7. Challenges in Using Generative AI
- Data Quality: Poor data leads to irrelevant outputs.
- Bias in AI: Training data must represent diverse audiences.
- Computational Resources: High-quality generative AI requires significant processing power.
- Skill Gaps: Teams need to interpret outputs and adjust campaigns effectively.
Addressing these challenges ensures generative AI delivers maximum value for marketing campaigns.
8. Future Trends in Generative AI Marketing
- Increased adoption of AI for UGC Videos in campaigns
- Real-time content generation for social media trends
- Hybrid strategies combining generative AI with predictive AI for campaign optimization
- Enhanced personalization in influencer marketing India
Brands partnering with platforms like Hobo.Video can stay ahead by integrating AI tools intelligently, balancing creativity and data-driven decision-making.
Conclusion : Key Takeaways
- Generative AI is most effective when fed structured and unstructured data from customer interactions, trends, and multimedia sources.
- Combining historical campaign data with market insights enhances content quality.
- Best practices include segmentation, personalization, and content diversity for AI-driven campaigns.
- Platforms like Hobo.Video make it simple to leverage AI for UGC Videos, influencer campaigns, and creative marketing strategies.
Understanding what kind of data is generative AI most suitable for empowers marketers to optimize ROI, reduce manual workload, and create campaigns that resonate.
About Hobo.Video
Hobo.Video is India’s leading AI-powered influencer marketing and UGC company.

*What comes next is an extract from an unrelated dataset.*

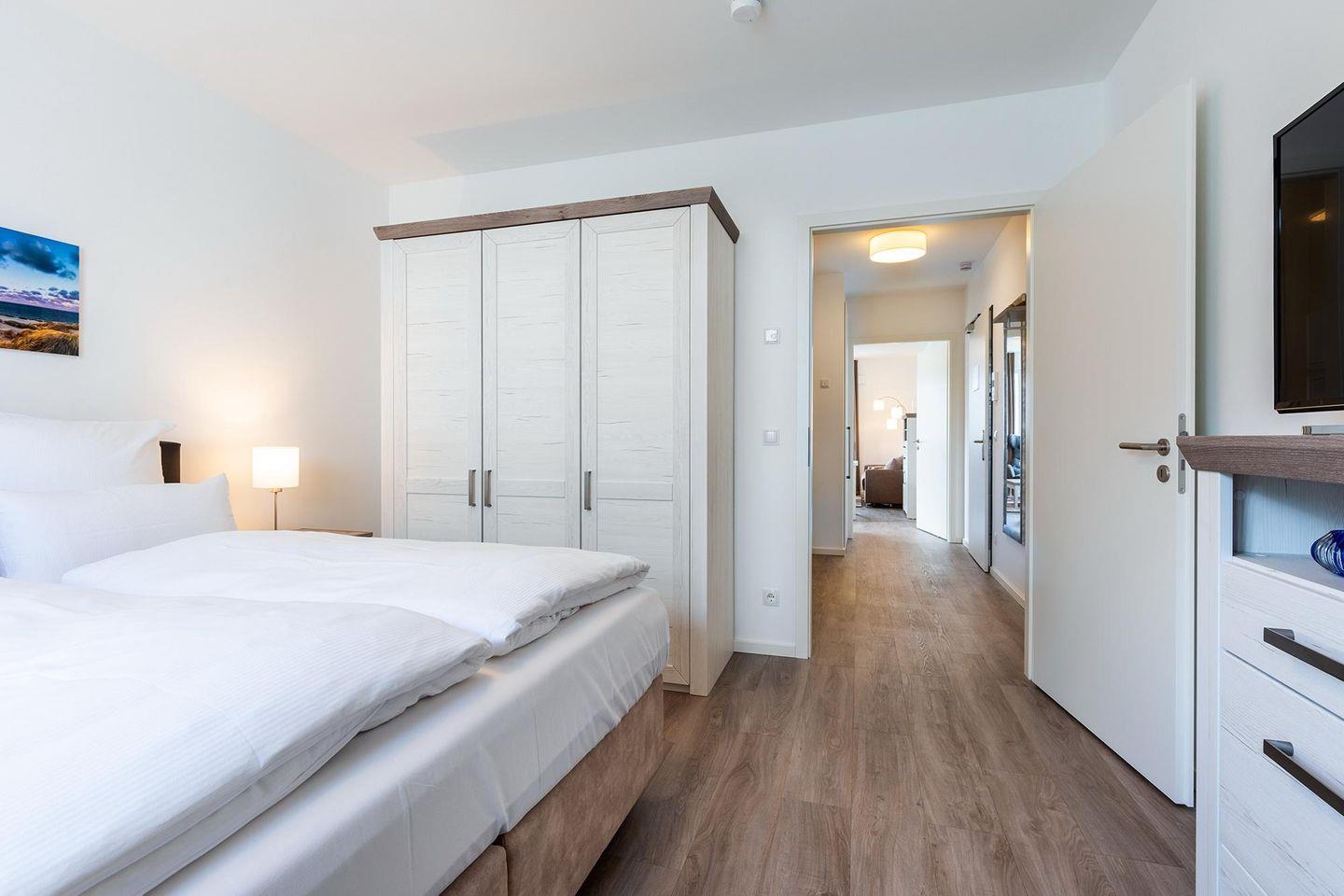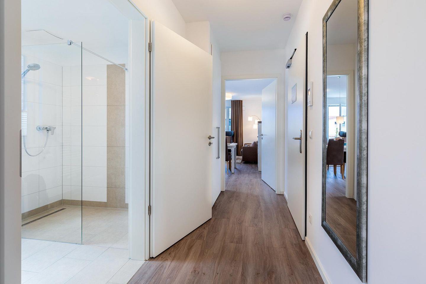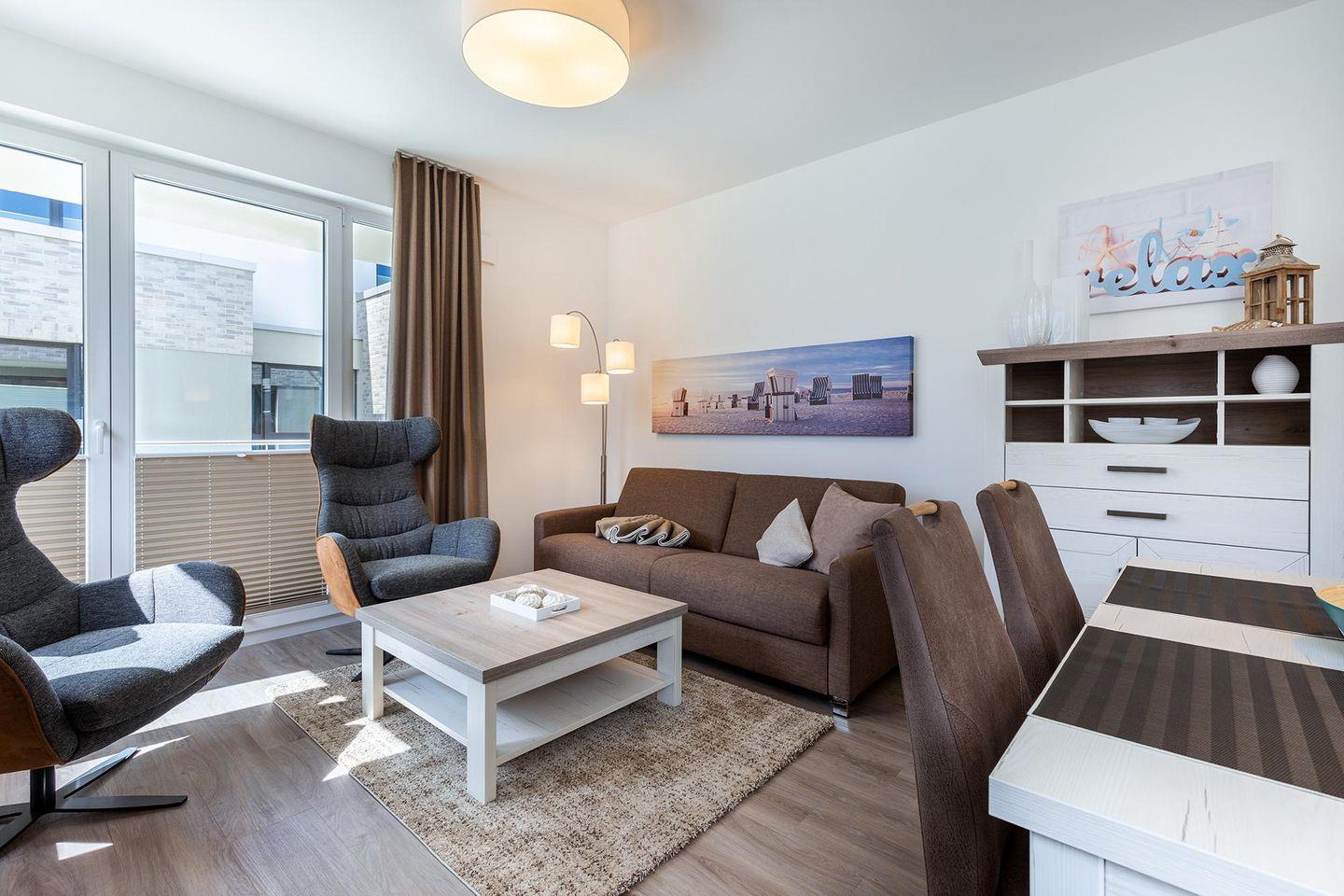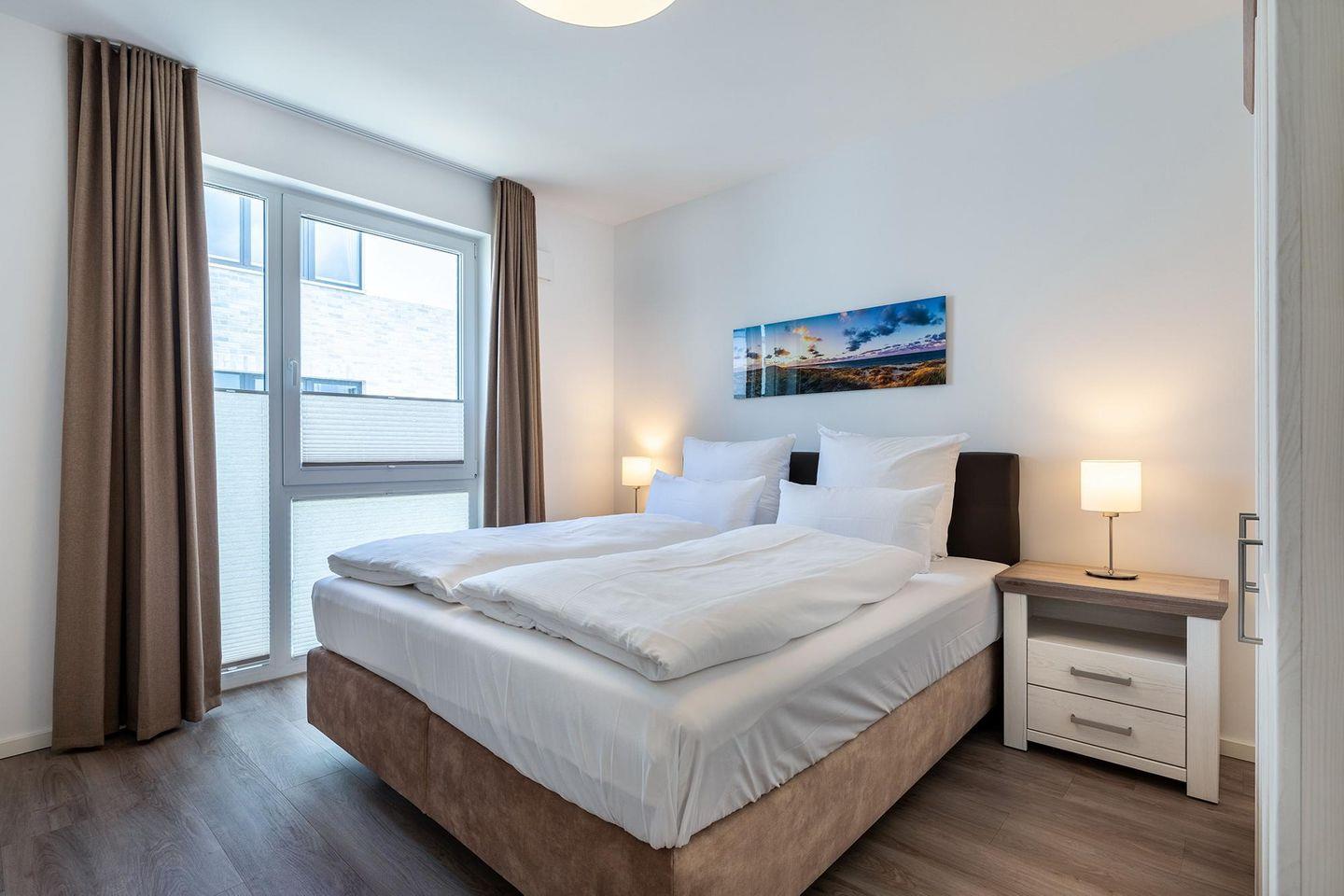Das helle und moderne Nichtraucher-Apartment verfügt über Fußbodenheizung, bodentiefe Fenster mit 3-fach Isolierung, kostenfreies WLAN und eine voll ausgestattete offene Küche mit Geschirrspüler, Gefrierfach, Kaffeemaschine, Toaster, Wasserkocher, Backofen und Mikrowelle sowie über einen Essbereich. Im Wohnbereich befindet sich eine Doppelschlafcouch (1,60 x 2,00 m) und ein großer Flatscreen-TV mit Blu-ray-Player. Das separate Schlafzimmer ist mit einem modernen Boxspringbett (1,80 x 2,00 m) und einem Flatscreen-TV ausgestattet. Ein Kinderbett kann gegen Entgelt aufgestellt werden und auf Wunsch könnt ihr einen Kinderhochstuhl hinzubuchen. Im stilvollen Badezimmer befinden sich eine ebenerdige Dusche, ein Waschtisch mit Föhn, Kosmetikspiegel und Handtuchheizkörper. Das Apartment verfügt über einen Flur mit Garderobe. Auf dem mit Gartenmöbeln und Sonnenschirm ausgestatteten Balkon könnt ihr den ganzen Tag die Sonne genießen. Der Balkon ist vom Wohnzimmer aus begehbar. Bis auf eine Schwelle zum Balkon, ist das Apartment barrierefrei konzipiert.

With over 2.25 million creators, it offers end-to-end campaign management designed for brand growth. The platform combines AI and human strategy for maximum ROI.
Services include:
- Influencer marketing
- UGC content creation
- Celebrity endorsements
- Product feedback and testing
- Marketplace and seller reputation management
- Regional and niche influencer campaigns
Trusted by top brands like Himalaya, Wipro, Symphony, Baidyanath, and the Good Glamm Group.
If you’re a brand ready to break the mold and achieve hypergrowth, we’re already on your wavelength.Let’s build something powerful together.

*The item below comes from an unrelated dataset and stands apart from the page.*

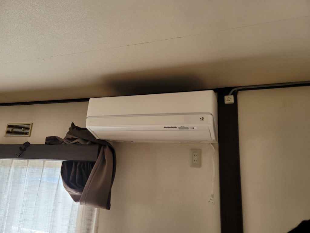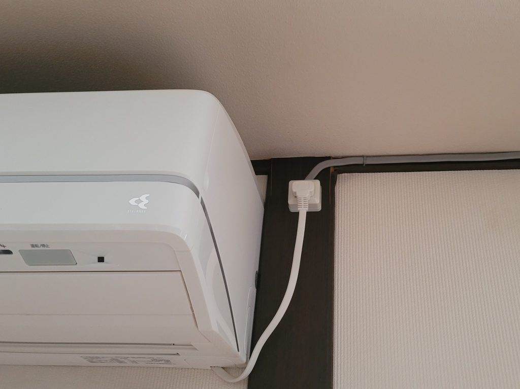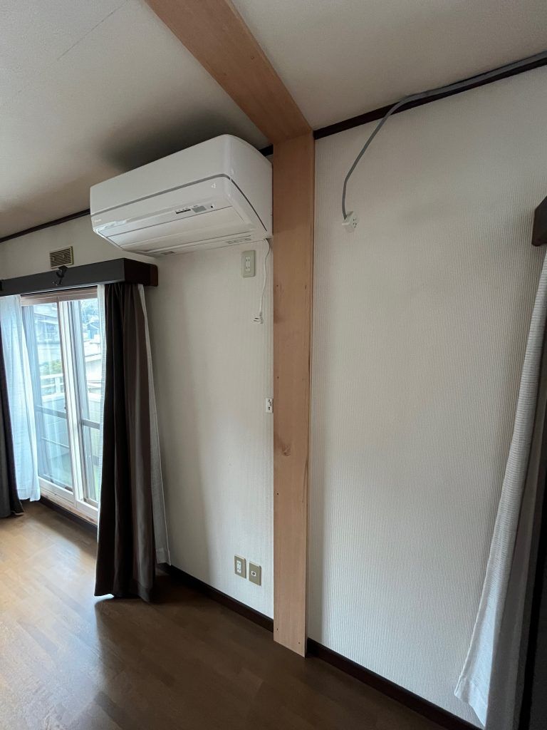 ダークブラウンの付け柱に間仕切を設置するんですが、エアコンの200Vコンセントが邪魔をしている。

If you’re an influencer building something big, let’s make it unstoppable.Let’s go.
FAQs
What is generative AI in marketing?
Generative AI produces new content like text, images, or videos using patterns from existing datasets.

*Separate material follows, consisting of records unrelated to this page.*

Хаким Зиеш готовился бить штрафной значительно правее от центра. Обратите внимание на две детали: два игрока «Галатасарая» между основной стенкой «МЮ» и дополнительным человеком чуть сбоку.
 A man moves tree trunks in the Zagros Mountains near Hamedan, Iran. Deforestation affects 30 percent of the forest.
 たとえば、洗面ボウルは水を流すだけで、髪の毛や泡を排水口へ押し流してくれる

What kind of data is generative AI most suitable for?
Structured data like purchase history and unstructured data like social posts and reviews work best.
Can generative AI create influencer content?
Yes, platforms like Hobo.Video use AI to generate UGC Videos and social content for influencer campaigns.
How does historical data help AI campaigns?
It allows generative AI to analyze what worked before and optimize new content accordingly.
What is the difference between structured and unstructured data?
Structured data is organized (e.g., spreadsheets), while unstructured data is free-form (e.g., videos, reviews).
Are AI-generated campaigns effective for Indian markets?
Yes, when tailored with local audience data, AI-driven campaigns resonate strongly in India.
How do brands measure AI content success?
Engagement rates, conversions, ROI, and sentiment analysis are common metrics.
Can AI replace creative teams?
Not fully. AI enhances human creativity, allowing teams to focus on strategy and innovation.
Which platforms help implement generative AI in marketing?
Hobo.Video offers AI influencer marketing, UGC content creation, and campaign optimization tools.
How can businesses start using generative AI effectively?
Collect clean data, segment audiences, define campaign goals, and integrate AI with influencer marketing platforms.